Abbassai il capo, mortificata. Dovevo migliorare molto e l’esame di teletrasporto era solo la settimana dopo.

- Il limite di tentativi è sei, come ti ho ricordato almeno un milione di volte… Ma ora vai, completa l’esercitazione! - mi incitò. In ogni esercitazione dovevamo prima teletrasportarci da qualche parte e poi spaventare, rubare, commettere crimini di ogni tipo. Una cosa incredibilmente divertente.

Scattai, la gonna che svolazzava dietro di me. Trapassai la porta di corsa. Ricordi dolorosi mi tornarono alla memoria mentre sfrecciavo tra le sale e io li ricacciai indietro. Senza farmi vedere mi introdussi nella stanza da letto della figlia dei padroni, venticinquenne. Quatta quatta, le sfilai il braccialetto che più amava dal polso e feci per andarmene, quando improvvisamente, con voce dolce dolce, mi chiamò. Ricordai quel tono, l’ultima volta che l’aveva usato con me era stata quindici anni prima, con un pugnale nascosto dietro la schiena per ordine dei nostri genitori. Grazie a lei, ora avrò quindici anni per sempre. Le guardai con odio il bel visino baciato dalla luna, così simile al mio, solo che io ero albina, una figlia del diavolo. Per questo i miei avevano dato l’ordine di uccidermi. Per questo motivo e anche per un altro, il cui solo pensiero mi portava alle lacrime.

Mi riscossi da questi pensieri e tornai di corsa dal mio insegnante.

- Se tu facessi solo quattro tentativi prima di arrivare a destinazione, nel tempo ci staresti e ne avanzerebbe parecchio. Con trentasette tentativi, hai sforato di soli venti secondi.

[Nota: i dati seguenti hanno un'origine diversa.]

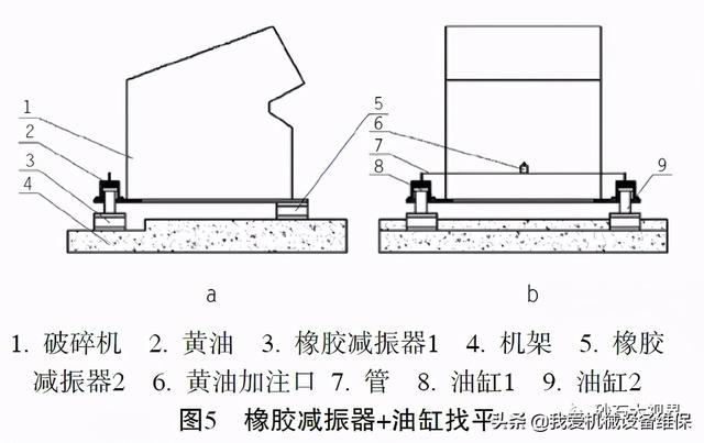 如图5所示,油缸8、油缸9的缸筒与破碎机连接,油缸活塞杆与减振器3上侧钢板连接,减振器3和减振器5下侧钢板与机架4连接,减振器5上侧钢板与破碎机1连接,油缸8和油缸9的无杆腔通过油管7联通,两油缸无杆腔内通过黄油加注口6加注黄油,因为两腔联通,因此两无杆腔压力始终相等。

Un sorriso illuminò il suo viso fantasma e io sorrisi a mia volta, con il fiatone per la lunga corsa. Aprii la mano e ammirai il bracciale rubato, che poi alla fine avevo solo recuperato. Era di oro bianco tempestato di diamanti e l’aveva rubato per me un ragazzo, ora anche lui nel mondo dei morti. Lo amavo e anche lui mi amava. Era povero in canna, ed era anche a causa sua che i miei genitori mi odiavano. Si era suicidato subito dopo essere venuto a sapere della mia morte, avvenuta (secondo il resoconto dei miei genitori) per soffocamento dopo che un boccone mi era andato di traverso. Solo i suicidi non diventano fantasmi e perciò io non avrei potuto mai più rivederlo.

Lacrime argentee mi scesero lungo il viso, mentre ricordavo quei tempi felici dove non m’importava di nulla, tranne che di lui… Strinsi al petto il bracciale, singhiozzando, e il mio insegnante mi cinse le spalle con un braccio. Lui era il padre che non avevo mai avuto e fu per questo che quando mi prese la mano e si avviò verso casa lo seguii, docile, senza accorgermi che stavo fluttuando a qualche centimetro da terra.